Taylor Hurles, a 27-year-old single mother who lives with her two young sons in the Bronx, was already working full time as an associate producer for a production company when she picked up a side job — social media director for a music website — to start putting aside money for a down payment.
She was looking into programs for first-time home buyers when her plans were upended: She lost her full-time job last November, and the social-media gig ended in January. She filed for unemployment, which didn’t cover her household expenses, and started applying for jobs — she had more than 40 interviews. The ones conducted over Zoom were a struggle: She was often interrupted by her 7-year-old, who was home in remote school, she said.
“Getting laid off from that job changed the whole vision board,” said Ms. Hurles, whose younger son is 3 weeks old.
She has since picked up more contract jobs and begun to reassess her entire approach to work. A more entrepreneurial life as a freelancer doing production and other creative work may provide her with more flexibility, but it also adds the stress of running a business.
“We don’t live in a society where they pay you what you’re worth,” said Ms. Hurles, who has more than $140,000 in student loans, largely from a master’s degree in television, radio and film.
Her experience will be a familiar one to many single mothers.
Just before the pandemic, in January 2020, 81 percent of single mothers were participating in the labor force, meaning they were working or looking for work, according to an analysis by Lauren Bauer, a fellow in economic studies at the Brookings Institution.

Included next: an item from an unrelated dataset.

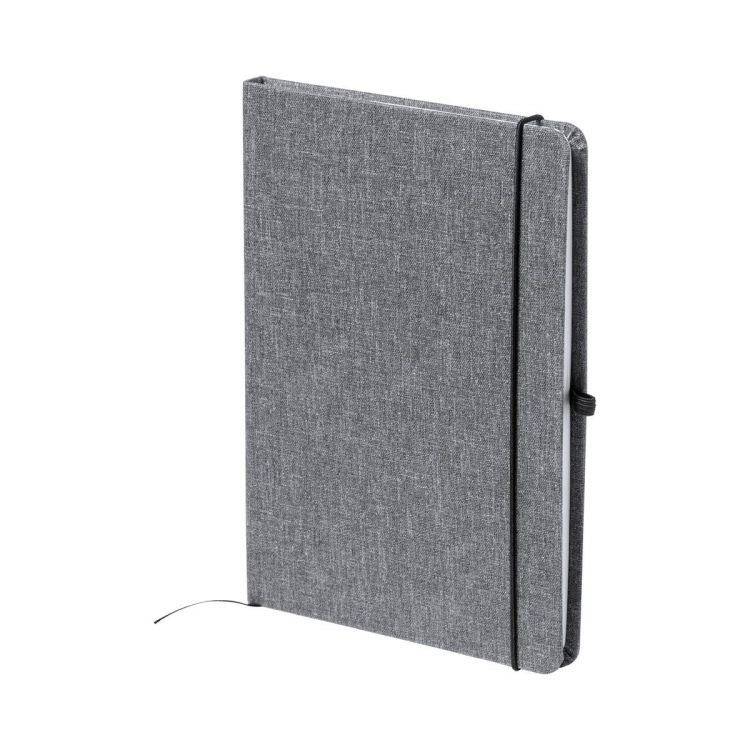 Notizbuch mit 600D RPET-Cover und 100 Seiten (liniert), Lesezeichen und Gummiband. Größe A5, in grau farbe
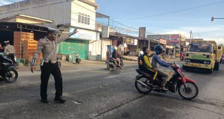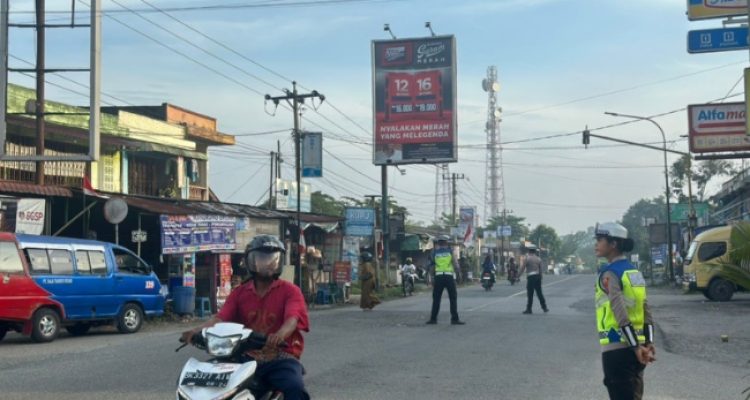 BATUBARA (mimbarsumut.com)- Personil Sat Lantas Polres Batubara melakukan pengaturan lalulintas, Sabtu (23/8/2025)

But it dropped sharply as the virus took hold: The rate plunged to 75 percent in April 2020. This September, it was 77 percent — still below its prepandemic level.
Unmarried mothers like Ms. Hurles — those with the youngest children, under 5 years old — have been hit hardest. Their participation rate was 60 percent in August, 10 points off its prepandemic level — the biggest gap among all mothers, Ms. Bauer found.
Ms. Hewitt, Ms. Hurles and other single mothers who are striking out on their own often face added hurdles: It can be harder to get a loan without a stack of W-2s to show steady income.
Ms. Hurles has $8,000 in her down-payment fund so far and hasn’t given up on her dream of homeownership, she said. It will just take her a little longer to get there, she said.
On Monday, after three weeks of unofficial maternity leave, she was back to work — remotely — at her contract job as a production assistant on educational talks and lectures.
Her plan is simple: “Keep going,” she said.